◆ **Study material**
--- START ---
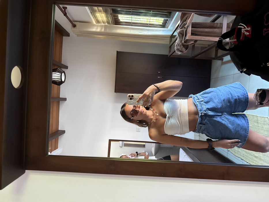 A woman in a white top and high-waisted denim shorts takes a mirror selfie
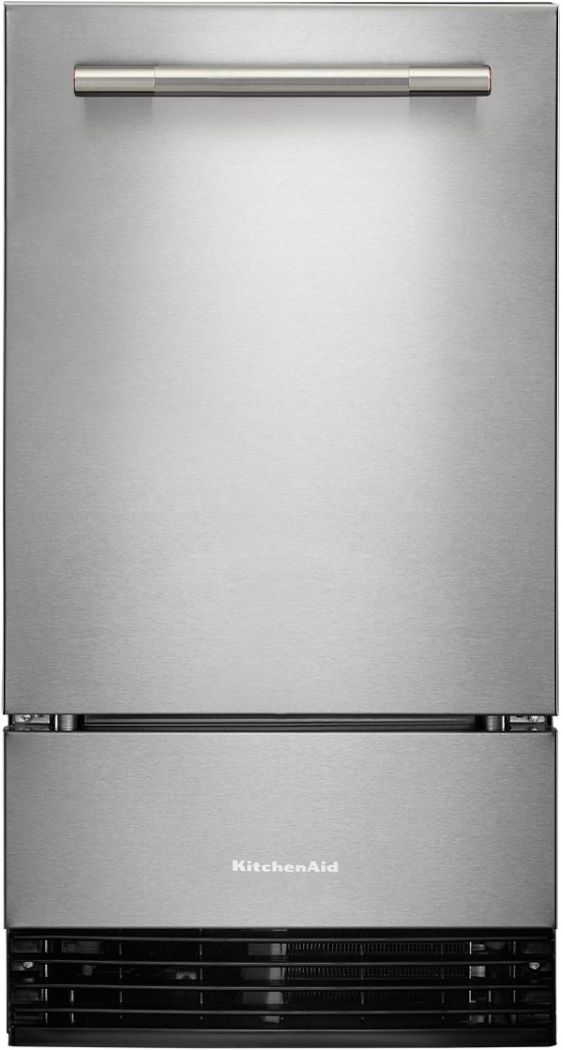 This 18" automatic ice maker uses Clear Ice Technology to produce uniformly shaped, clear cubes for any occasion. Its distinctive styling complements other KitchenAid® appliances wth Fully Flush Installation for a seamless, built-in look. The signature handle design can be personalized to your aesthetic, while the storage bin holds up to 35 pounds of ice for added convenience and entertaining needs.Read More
--- END ---
--- START ---
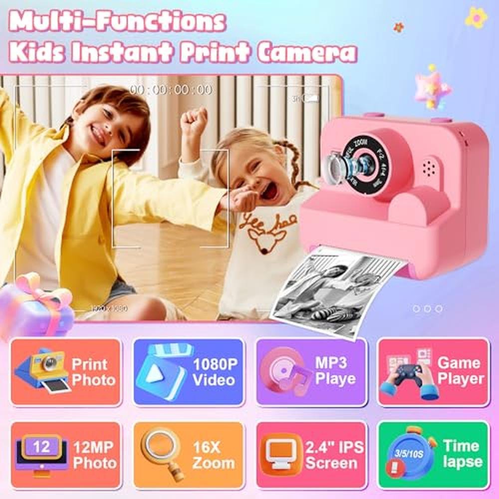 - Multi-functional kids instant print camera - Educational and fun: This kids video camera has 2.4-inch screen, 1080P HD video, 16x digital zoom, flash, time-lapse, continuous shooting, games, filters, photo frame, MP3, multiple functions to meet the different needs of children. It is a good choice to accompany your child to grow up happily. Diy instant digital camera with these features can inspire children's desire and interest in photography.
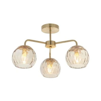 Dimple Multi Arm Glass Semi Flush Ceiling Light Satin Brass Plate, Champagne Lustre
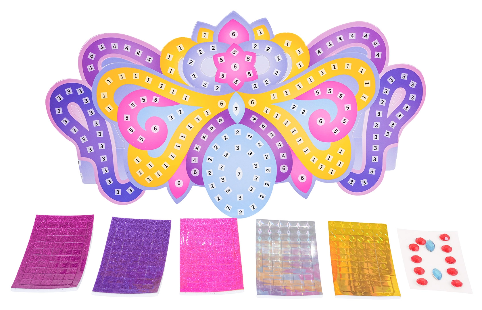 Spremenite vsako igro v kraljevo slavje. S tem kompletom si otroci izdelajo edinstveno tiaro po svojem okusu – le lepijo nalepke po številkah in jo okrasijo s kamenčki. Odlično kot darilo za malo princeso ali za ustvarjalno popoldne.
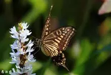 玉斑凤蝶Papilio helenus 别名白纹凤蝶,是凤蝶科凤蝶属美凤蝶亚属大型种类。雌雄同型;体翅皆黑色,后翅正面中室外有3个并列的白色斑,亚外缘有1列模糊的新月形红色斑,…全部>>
--- END ---
--- START ---
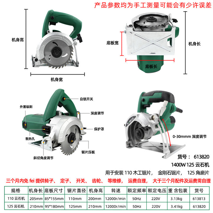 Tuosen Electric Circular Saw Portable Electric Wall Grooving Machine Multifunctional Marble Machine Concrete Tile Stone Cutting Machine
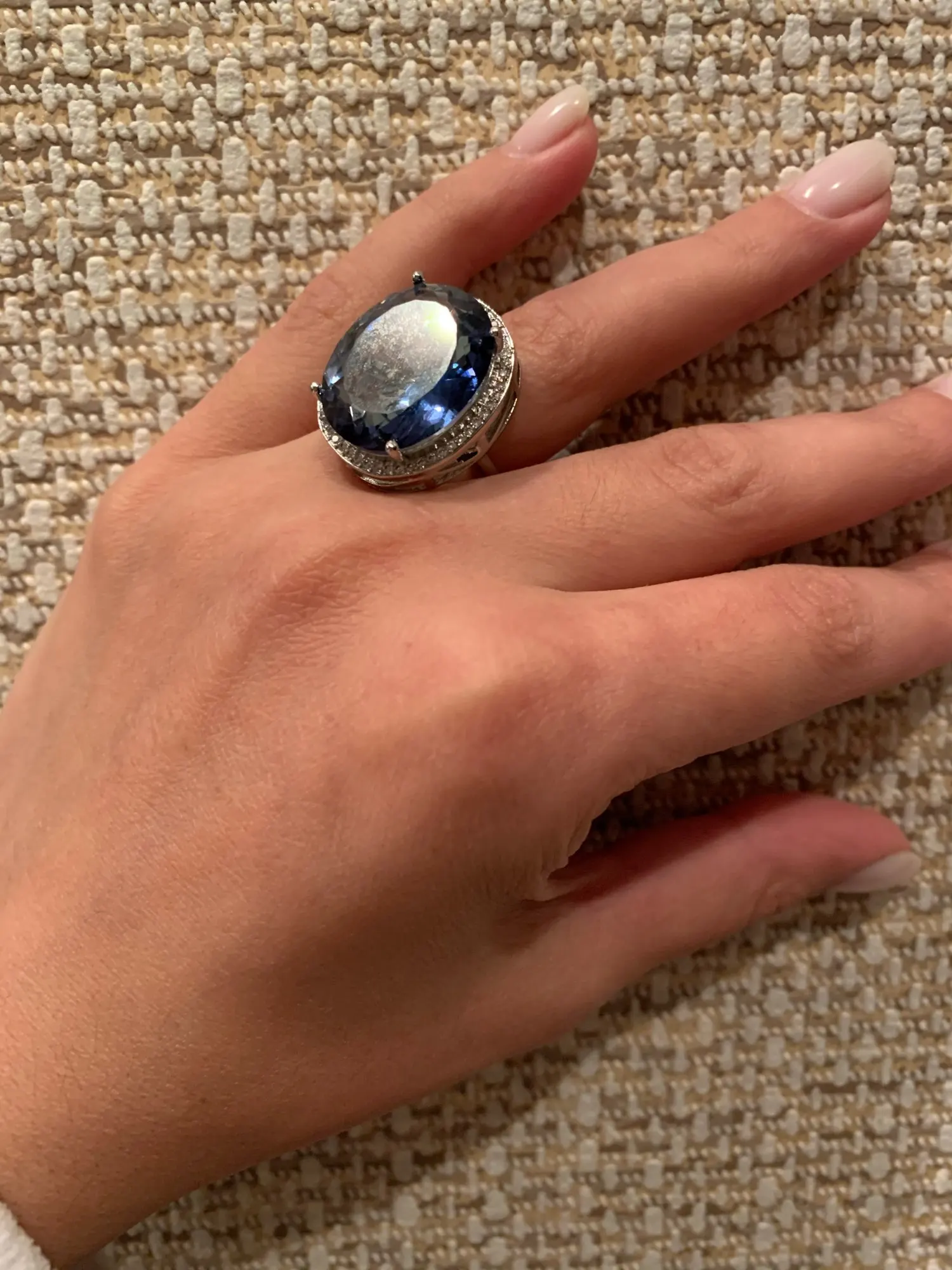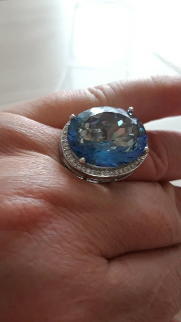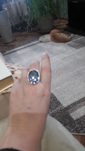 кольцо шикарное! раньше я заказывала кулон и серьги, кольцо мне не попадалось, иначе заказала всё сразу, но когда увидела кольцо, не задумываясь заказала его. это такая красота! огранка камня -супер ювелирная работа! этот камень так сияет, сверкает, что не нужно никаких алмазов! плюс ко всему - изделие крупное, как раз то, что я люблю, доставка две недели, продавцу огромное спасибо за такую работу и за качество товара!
--- END ---
Leave out every picture, and copy exactly the lines above starting at the one holding "A woman in a" and ending at the one holding "entertaining needs.Read More", no more and no less.

◆ **Your solution**
 A woman in a white top and high-waisted denim shorts takes a mirror selfie
 This 18" automatic ice maker uses Clear Ice Technology to produce uniformly shaped, clear cubes for any occasion. Its distinctive styling complements other KitchenAid® appliances wth Fully Flush Installation for a seamless, built-in look. The signature handle design can be personalized to your aesthetic, while the storage bin holds up to 35 pounds of ice for added convenience and entertaining needs.Read More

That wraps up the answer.